As anyone past the beginner stage of astronomical imaging quickly finds out, an executive software application that controls all aspects of the imaging process becomes a desirable tool. There are various applications available (CCD Commander, ACP, CCD Autopilot) that I highly recommend and that perform very well but that also come with relatively high price tags. (Although the price is typically a fraction of the costs tied up in equipment and other software for the average imager.) However, an alternative to using an application that someone else has created and maintains is to create your own control software that directs the imaging process EXACTLY how you would wish it to be executed. This introductory post is the first in a series of posts that will detail how you can easily create and maintain your own executive application at no cost (other than your time learning and programming in Python).
WHY PYTHON?
Python is a agile programming language that is freely available, well supported, and easy to learn for beginners. Python syntax is very easy to read and understand, and the language supports object-oriented programming practices. Python is also an interpreted language which means there is no compilation process. You simply execute the script and it runs! Most importantly, Python supports the COM (Common Object Model) architecture under which most astronomical imaging software exposes their properties and methods to the outside world. This means that Python can seamlessly communicate with and control all major astronomical software applications like CCDSoft, MaxIm DL, the Sky, etc. For more information regarding the question of "Why Python?" click here.
WHERE TO GET PYTHON?
Python can be downloaded from this web page. Simply choose the installer that corresponds with your operating system and follow the prompts. (Although Python is written for Windows, Mac, and Unix platforms, you will need the Windows 32-bit or 64-bit OS installer since virtually all of the major astronomical imaging software packages you'll hook into are Windows-based.) The installer will also install IDLE which is the Python IDE (Integrated Development Environment) which you can use to write, test, and debug your scripts. Click here for a beginner's guide to downloading Python.

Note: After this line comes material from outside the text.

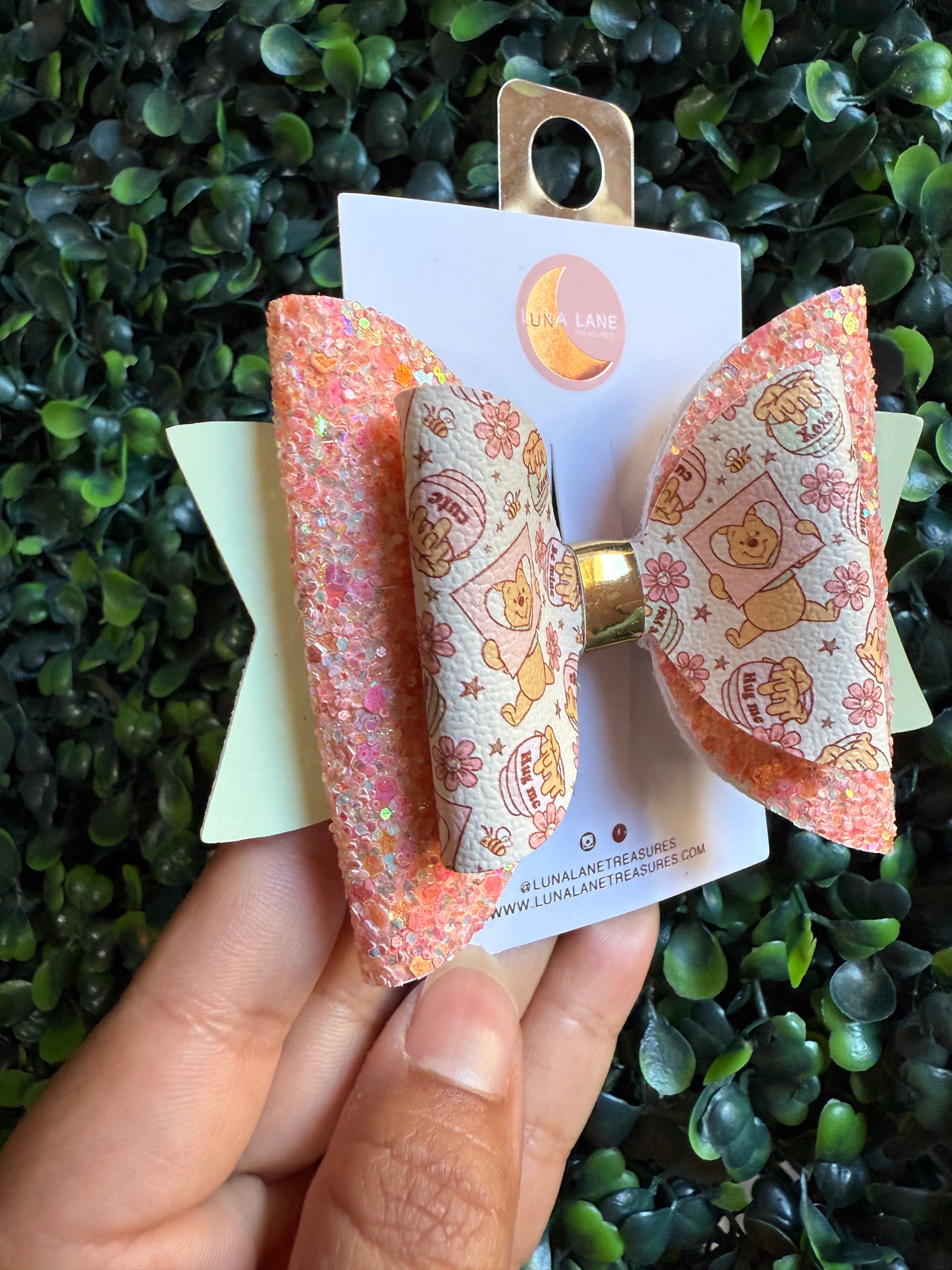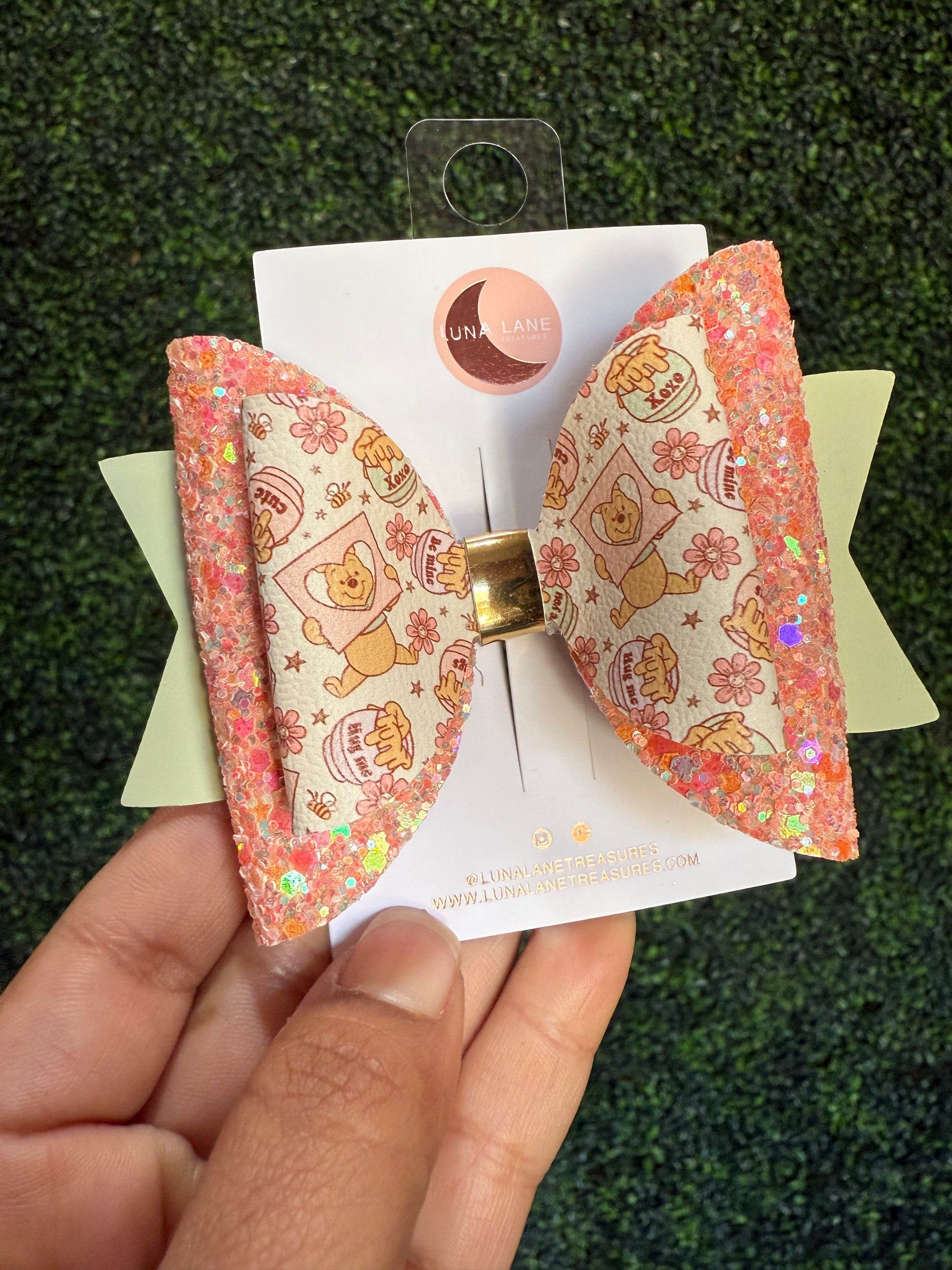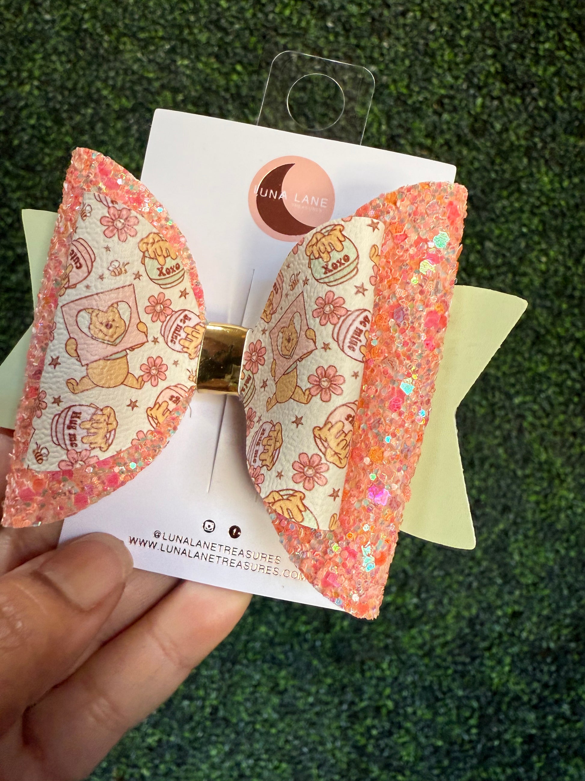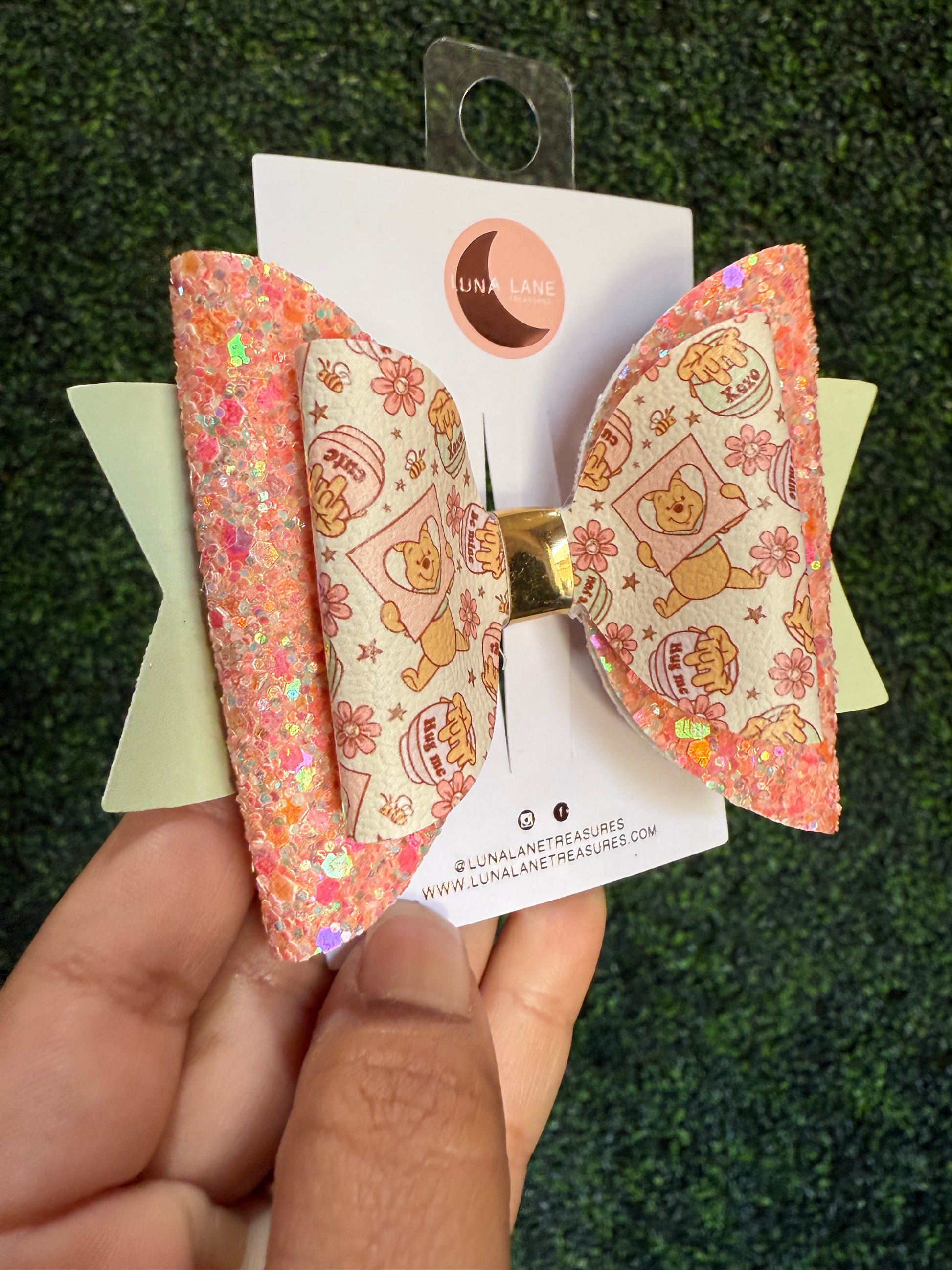 Bring storybook sweetness to your little one’s look with our handcrafted Pooh’s Garden Daydream Bow! This oversized 4.5-inch bow features a soft and whimsical Winnie the Pooh print paired with dreamy layers of mint and peach tones. The sweet color combo and nostalgic design make it perfect for spring days, photoshoots, or just adding a little magic to the everyday. Finished with a velvet-lined alligator clip for a snug, gentle grip that stays in place.

NOTE: All scripts presented in this series have been tested using the latest stable version of Python which is 2.7.1 as of the date of this post. The scripts should also work under the latest version of Python 3 but this claim has not been verified. Additionally, in order to have COM support, you must also load the Python Extensions for Windows package that corresponds to the version of Python that you have chosen to use. The latest package (Build 216 as of the date of this post) can be found here.
HOW TO LEARN PYTHON?
An on-line search of "Learning Python" or "Python tutorial" will return hundreds of on-line tutorials and PDF documents to help you get started. Another list of learning resources can be found here. One on-line PDF document that I found useful, even though it is somewhat dated, can be found here and the official Python tutorial can be found here.
BENEFITS OF CREATING AND RUNNING YOUR OWN SCRIPT
- No Cost (other than your time)
- Great opportunity to learn computer programming if you've never done it before or to learn a new programming language if you're already an experienced programmer
- COMPLETE control of all aspects of the automated imaging process
- Fine-tuned to the particular set of software that YOU use for imaging
- You maintain the application...no waiting for someone else to get around to fixing a bug or implementing an improvement
- Implement only the features that you want in exactly the way you want them to function
MY IMAGING ENVIRONMENT
The computer that I use for astronomical imaging is a 6-year old Toshiba laptop running Windows XP Home Edition. My Python script accesses the following imaging applications:
- MaxIm DL 5 (For Camera Control)
- The Sky6 (For Mount Control)
- FocusMax (For Automated Focusing)
- CCDSoft (For Plate Solving)
MY SCRIPT
The following is a very top-level description of my script's operation during acquisition of normal, light frames of astronomical objects. I will be describing in detail how each of these steps is implemented in the course of these posts.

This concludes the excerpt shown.